● **EXERCISE BRIEF**
Each line below should be repeated exactly as written, with no pictures carried over.

___ RAW DATA

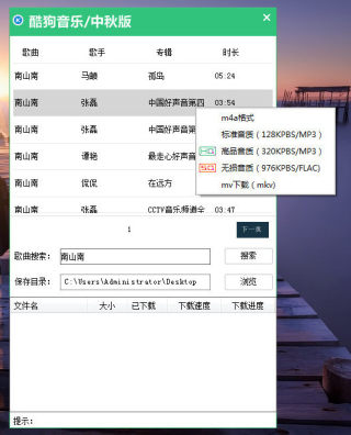 酷狗音乐无损付费歌曲下载器中秋节版,这款不但可以帮着大家快速搜索酷狗里面的任何歌曲,而且还支持任意下载无损品质、版权收费歌曲,帮助爱听的你解决歌曲下载问题。更重要是这款是独立下载器,可以让你不需要打开酷狗,就能直接下载喜欢歌曲。
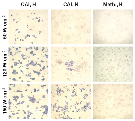 The SPR-induced effects of the synthesized coated nanorods on HTC cell cultures was assessed both under normoxic and hypoxic conditions. The SPR was induced by using a NIR radiation at 810 nm with a 5 min exposure time and power densities comprised between 50 and 150 W/cm2 (Figure 4).
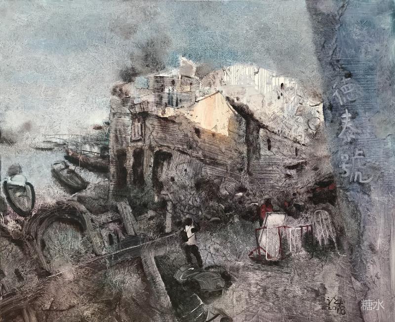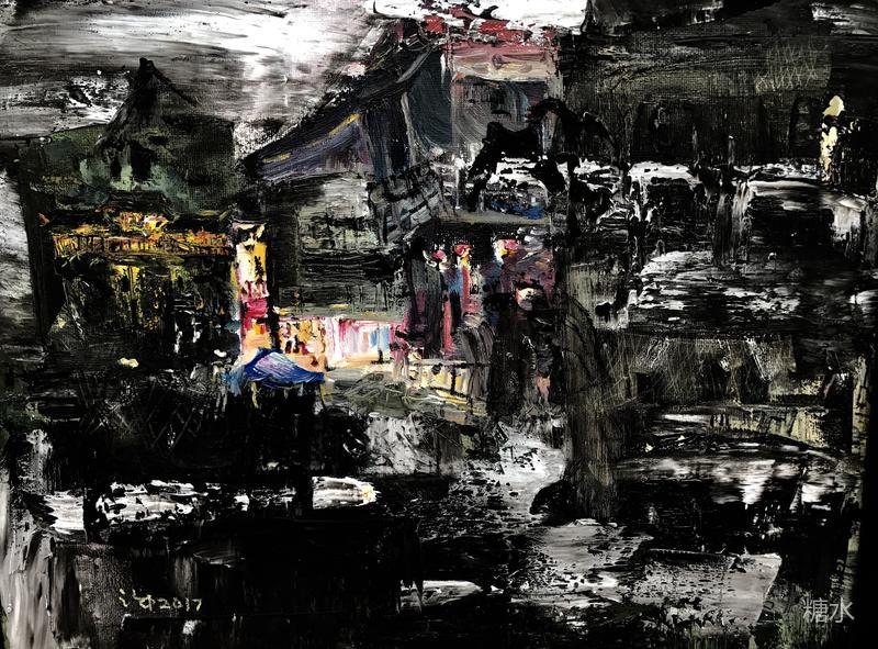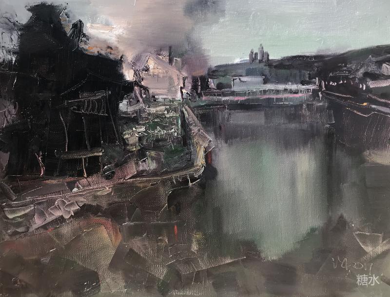 我想這就是畫家的深意所在,因為成都的年齡決定了它的豐饒內(nèi)蘊,你畫出任何一件具象的東西,都立刻會有遺落其它東西的遺憾,與其掛一漏萬,不如混沌包容。一即萬,萬即一,有無相生,虛實互滲,于是畫上的成都就是現(xiàn)實中真實的成都,它神秘但有輪廓,朦朧然而有精骨,畫上的成都擔當?shù)闷鹫鎸嵉某啥嫉呢S富內(nèi)涵,因為古往今來的成都就是活生生的,是原生的又是變化無窮的,它有呼吸有成長有情致,時刻都是它又時刻不是它,畫家為了讓它不固化于某一刻而永遠有生機,于是呈現(xiàn)出眼前這種間離的效果。

______

● **YOUR SOLUTION**
 酷狗音乐无损付费歌曲下载器中秋节版,这款不但可以帮着大家快速搜索酷狗里面的任何歌曲,而且还支持任意下载无损品质、版权收费歌曲,帮助爱听的你解决歌曲下载问题。更重要是这款是独立下载器,可以让你不需要打开酷狗,就能直接下载喜欢歌曲。
 The SPR-induced effects of the synthesized coated nanorods on HTC cell cultures was assessed both under normoxic and hypoxic conditions. The SPR was induced by using a NIR radiation at 810 nm with a 5 min exposure time and power densities comprised between 50 and 150 W/cm2 (Figure 4).
 我想這就是畫家的深意所在,因為成都的年齡決定了它的豐饒內(nèi)蘊,你畫出任何一件具象的東西,都立刻會有遺落其它東西的遺憾,與其掛一漏萬,不如混沌包容。一即萬,萬即一,有無相生,虛實互滲,于是畫上的成都就是現(xiàn)實中真實的成都,它神秘但有輪廓,朦朧然而有精骨,畫上的成都擔當?shù)闷鹫鎸嵉某啥嫉呢S富內(nèi)涵,因為古往今來的成都就是活生生的,是原生的又是變化無窮的,它有呼吸有成長有情致,時刻都是它又時刻不是它,畫家為了讓它不固化于某一刻而永遠有生機,于是呈現(xiàn)出眼前這種間離的效果。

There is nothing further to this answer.